What should I do? I don't want to keep stringing her along pretending that everything is fine when it isn't. I don't want to end up at this point again (where I have to break her heart all over again) after trying again and finding that it's not working.

She suggested that we have a separation after which she expects me to come back to her. Again, I don't think this is really fair on her as I don't want to be giving her false hope if after this "separation", I decide to be gone for good.


----------



## Hope1964

Do not stay just because she is begging you to. It is far kinder to make sure she knows where she really stands, right now.

I just replied to a thread from a wife who is in the process of begging her husband to stay with her, and told her she needs to let him go. Hopefully your wife has someone in her life who can tell her the same thing.


----------



## Pravius

You have to be honest with her, she and you will be better in the long run. Constantly reassure her that the pain will eventually go away and that there is a man out there for her who will treat her well.

Change the perspective and ask her how she would feel if she didn't love you but stayed out of fear of hurting the other person.


----------



## stopandmakecoffee

Muis said:


> Don't want to get into a long spiel about why my marriage isn't working only to say that we got married under difficult circumstances (not really my choice at the time) and my heart has never really been 100% open to my wife. I don't really feel it's fair on either of us for me to continue in this relationship any more if my heart really isn't in it.


and why did you marry her anyway?
you were to know that marriage wasn't all about flowers and stuff, and you haven't been honest 100% with her yet you expect your marriage to work? pft.
your wife sensed your 'not 100% honest' and she waved the yellow card, and there, just like that, you shrugged it off, saying,'Oh well, you make the call'.
that IMO, equals to irresponsible, immature.



Muis said:


> So I told her I wanted to end it and she kept begging me to stay, refusing to accept that we should both move on.

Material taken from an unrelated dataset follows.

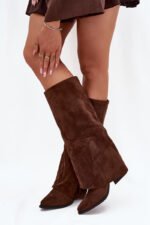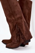 Šie uzvelkamie kovboju zābaki no ekoloģiskā zamšāda ar blokveida papēžiem apvieno komfortu un stilu. Smaileveida purngali piešķir eleganci, bet dekoratīvās fringes uz augšdaļas piešķir vieglu boho pieskārienu. Tie ir ideāli piemēroti ikdienas stilam, labi sader ar kleitām, svārkiem un biksēm, piešķirot jebkuram apģērbam kovboju šarmu. Izvēloties savu izmēru, lūdzu, izmantojiet izmēru tabulu.
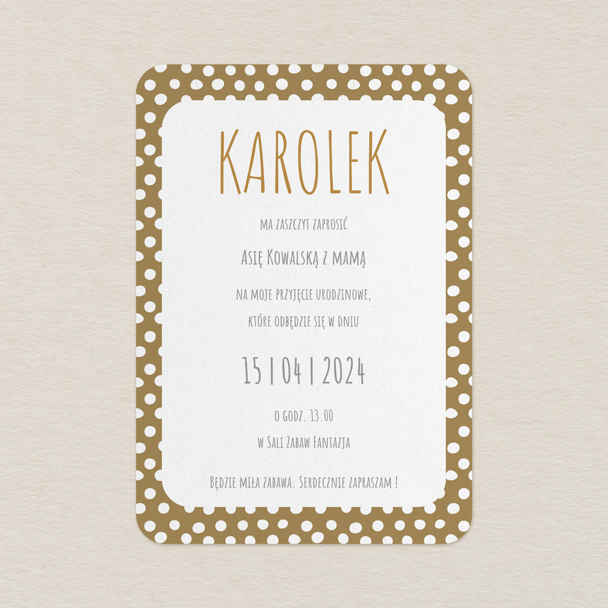 • Rozmiar zaproszenia: B6 – 170 x 119, zaokrąglone rogi

move on or running away? have you two tried to sit and talk, open your hearts and work the problem out? If you haven't then you simply just want to run away.




Muis said:


> What should I do? I don't want to keep stringing her along pretending that everything is fine when it isn't. I don't want to end up at this point again (where I have to break her heart all over again) after trying again and finding that it's not working.


everything is not fine, hence, be an adult, man up and face the problem, fix it, manage it. 
or do you have an affair, something that makes you feel nothing toward your wife? this doesn't sound right to me, need more data.



Muis said:


> She suggested that we have a separation after which she expects me to come back to her. Again, I don't think this is really fair on her as I don't want to be giving her false hope if after this "separation", I decide to be gone for good.

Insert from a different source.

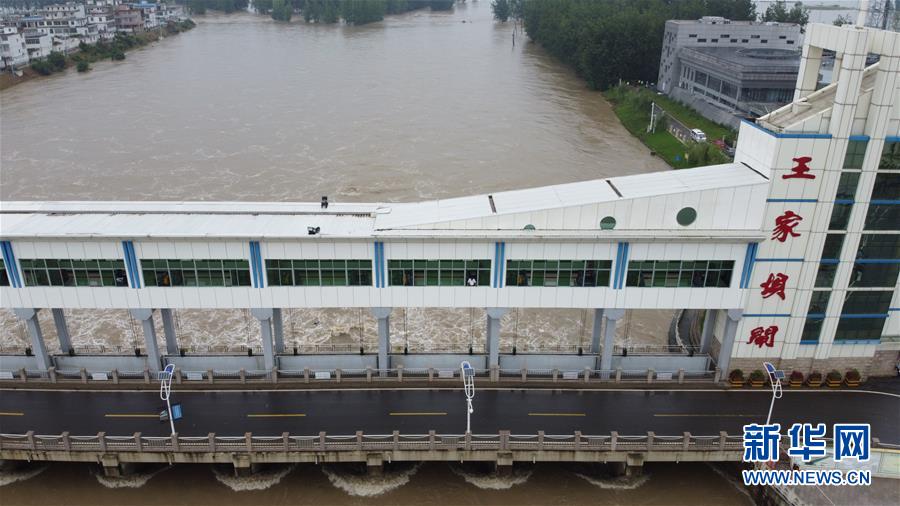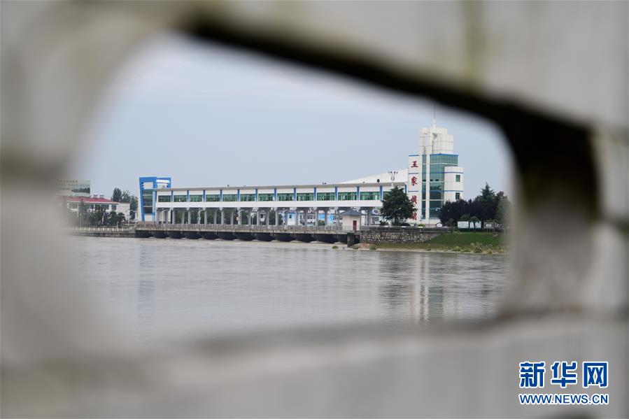 這是7月22日在安徽省阜南縣拍攝的淮河王家壩閘。7月22日14時,淮河王家壩水位降至28.73米,超警戒水位1.23米,低于保證水位0.57米。新華社記者張端攝
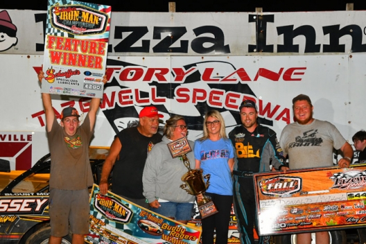Key notes: McIntosh has seven Fall Nationals victories and two on the Iron-Man circuit. ... Fighting issues with a stuck throttle, the winner needed a push after he stopped during a lap-33 caution; he also had a flat tire by the time he got to victory lane. ... Vic Hill was running third when he had a flat tire on lap 40. ... Michael Chilton was running third when he slowed with problems on lap 21. ... Eight cautions slowed the action. The most serious incidents came with four-car pileup in turn two on a lap-10 restart, then on the 22nd lap when Jason Trammell and Pierce McCarter tangled on the backstretch. ... McCarter piloted the MasterSbilt house car recently vacated by Hudson O'Neal and came back to finish fifth.

she still loves you, because she still expects things to work out with you and your 'secrecy'.she wants to give you some space. i think she actually acts like an adult.


----------



## Treading

Are you happy with who you are as a person?
Not as a husband, but as who YOU are?

Life is not always fantastic.
We are given things that we may not always like, but have to deal with.
It is what we do with those things that make us who we are.

If you are happy and secure with who you are as a person, and are simply not happy in your marriage, then move on.
If there is something lacking within yourself, then give it time, talk to your wife and work on yourself so you can deal with what it is inside of you that is making you unhappy.

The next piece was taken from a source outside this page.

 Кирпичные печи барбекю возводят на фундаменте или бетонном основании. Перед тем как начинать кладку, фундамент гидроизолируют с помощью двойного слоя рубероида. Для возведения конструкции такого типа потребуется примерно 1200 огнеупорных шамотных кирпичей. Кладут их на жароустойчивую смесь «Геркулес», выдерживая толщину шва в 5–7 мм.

You did not give too many details on why you want to go, but if the problem is an emptiness inside of you, it will not matter if you are with your wife or with someone else, you will not ever be happy.
No person can fill that void.


----------



## behappy123

How was it not your choice to get married? The circumstances may have been difficult but it takes TWO people to get married and you contributed to it as much as she did. If you didn't want to marry her in the first place, you shouldn't have. 

Your wife is begging you because A. she probably doesn't understand where this is coming from. B. Still loves you and wants to make it works or C. Has self esteem issues. 

Have you tried to make it work with her? I can't tell you what to do in your marriage but I would hope that you would at least try to make it work if you haven’t done so already. Is there something in the marriage that is making you unhappy?

If you are dead set on leaving, you need to pull the band aid off as fast as possible so your wife can start moving on without you.


----------



## willibeok

Have you guys ever sit down and talk? Why do not more open to her?

Marriage is all about two people working hard to solute the problem and make compromise. Don't give up any marriage easily.


----------